#  > Servidores >  > Servidores de Rede >  >  Como evitar o loop em uma rede cabeada ?

## Prime

*  Bom gente eu estou a procura de uma solução antes que tenha que remediar !! Minha rede é 100% cabeada, uso o myauth3 como gateway e na saída do myauth para os clientes uso um switch gerenciável de 16 portas gigabits com vlan onde todas as 15 portas só conversam com a porta 1 + isolamento de portas á qual é ligado os cabos direcionados aos clientes . Minha rede hoje é fragmentada em 4 cabos distintos ou seja , tenho 4 " ilhas " isso para isolar um grupo do outro !! Já estou substituindo os switchs comuns da rua por switchs com vlans , mas , ainda não encontrei uma forma de evitar o loop fisico caso o cliente dentro de casa ligue um switch e de maldade ou por burrice mesmo ligue as 2 pontas de um cabo de rede no switch dele !!! Gente será que tem jeito de evitar este tipo de loop e evitar que a rede toda caia ?? Eu estou fazendo testes com este switch que cito abaixo, mas não estou tendo o resultado prometido por ele !!!!*  *Gostaria de ter a opinião de vocês e também da ajuda para resolver este problema. Acredito que se eu usar PPOe também terei este problema pois a rede fisica cabos e switchs trafegam até não suportarem mais e a rede para !! Se eu usar roteador na casa de cada cliente, seria bom ninguém iria enchergar ninguém e não haveria broadcast, mas se o infeliz brincar de cabo e switch no lugar do roteador vai dar a mesma zebra !! Caros colegas aguardo pelos conselhos.

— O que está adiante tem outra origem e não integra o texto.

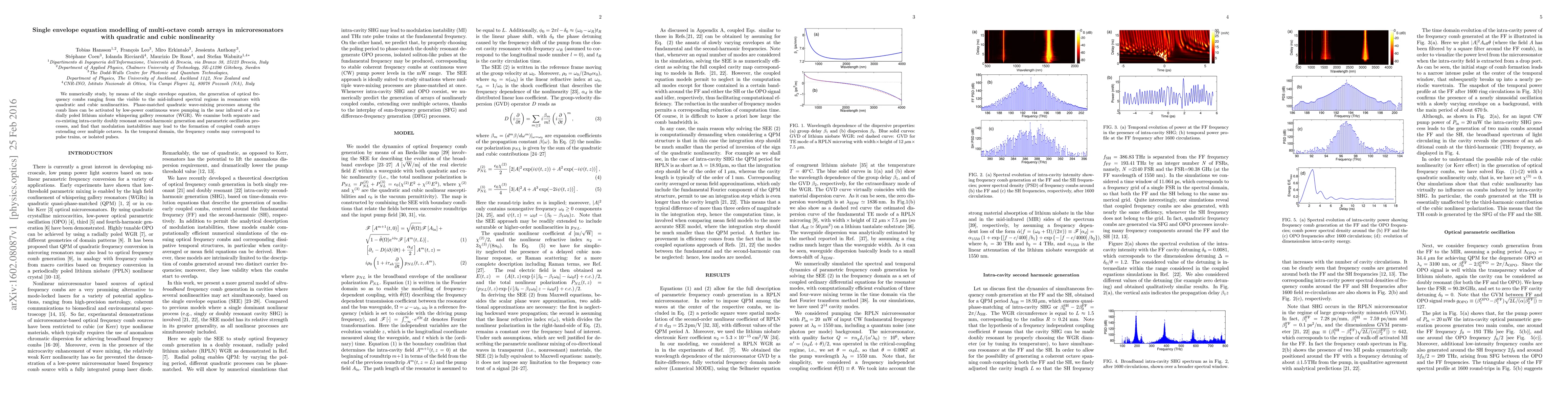 This paper numerically investigates the generation of multi-octave optical frequency combs in microresonators using the single envelope equation, focusing on resonators with quadratic and cubic nonlinearities. The study explores the formation of coupled comb arrays via modulation instabilities in radially poled lithium niobate whispering gallery resonators, highlighting the potential for both pulse trains and isolated pulses.
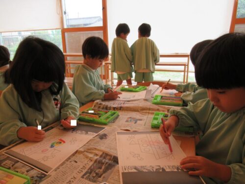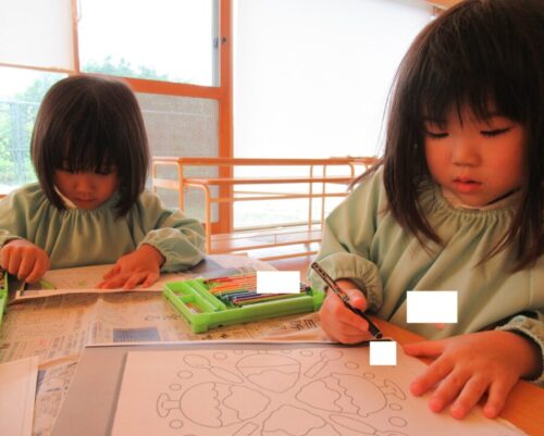 昨日に続いて、今日も雨☔ 楽しみにしていたプールが中止になって残念そうな子どもたちでしたが、雨の日の遊びで、ぬりえを準備すると、張り切って塗っていました😍
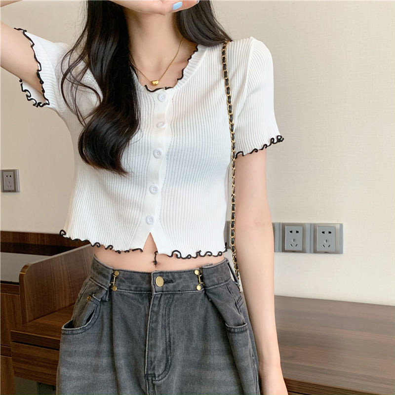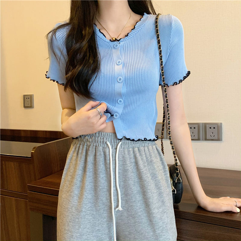 | nameOriginal | Summer New Arrival Ear-rimmed Knitwear Women's Shoulder Short-sleeved Slim-fit Sweet and Spicy Short Cardigan Outer Wear Small Top |
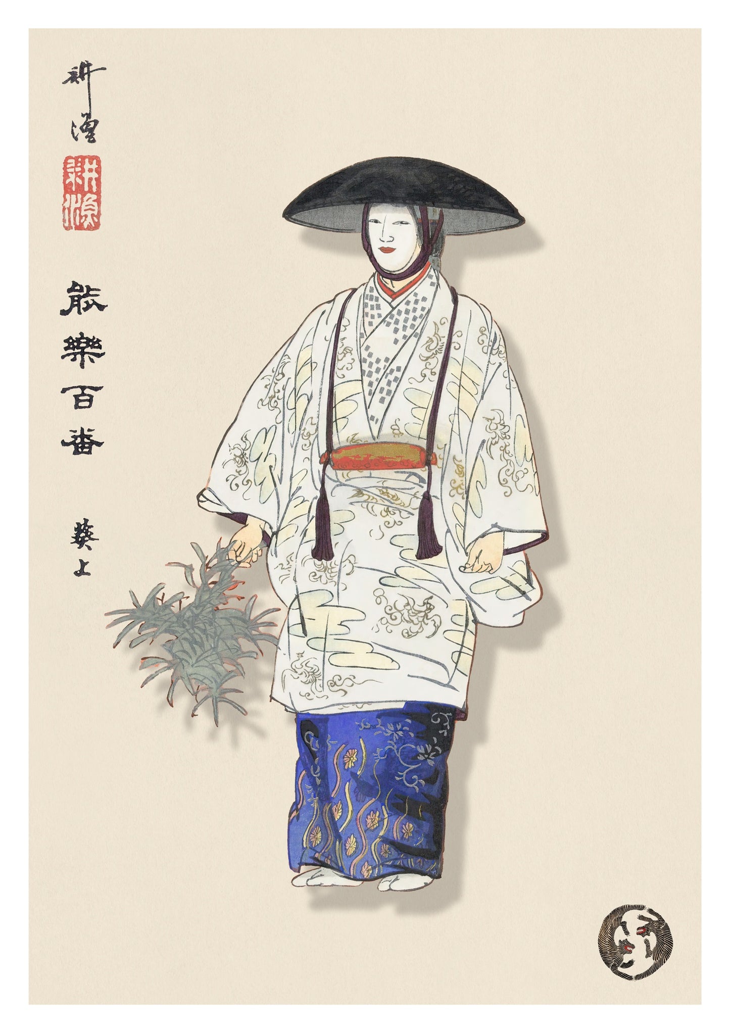 This poster, "Actor in the Noh Play Hanagatami" by Kogyo Tsukioka, features a traditional woodblock portrait of a Japanese Noh actor. The figure is dressed in ornate, historical attire with a striking floral accessory, capturing the essence of classical Japanese theater. Ideal for lovers of traditional Japanese art and woodblock prints, this piece embodies the elegance of Ukiyo-E style.

Obrigado.*
Switchs - Wiki OverTek

http://wiki.overtek.com.br/images/0/...2208SIW-UX.pdf

http://wiki.overtek.com.br/images/3/...2208SIW-UX.pdf

http://wiki.overtek.com.br/images/4/...2208SIW-UX.pdf

http://wiki.overtek.com.br/images/1/...2208SIW-UX.pdf

----------


## edsong

Usando pppoe e desabilitando protocolo ipv4/ipv6 nos clientes não ajudaria?

----------


## enlacenet

ola prime tenho uma parte da rede cabeada tambem e uso switch da compex de 16 portas e faço spanning tree em todas as portas e vlan sendoque as portas de 1 a 15 so fala com com a 16 esse switch overtek tenho ummasi so que nao emcontrei como fazer ou ele nao compre o que fala vai de compex que vai ser feliz

----------


## samuellanes

> Usando pppoe e desabilitando protocolo ipv4/ipv6 nos clientes não ajudaria?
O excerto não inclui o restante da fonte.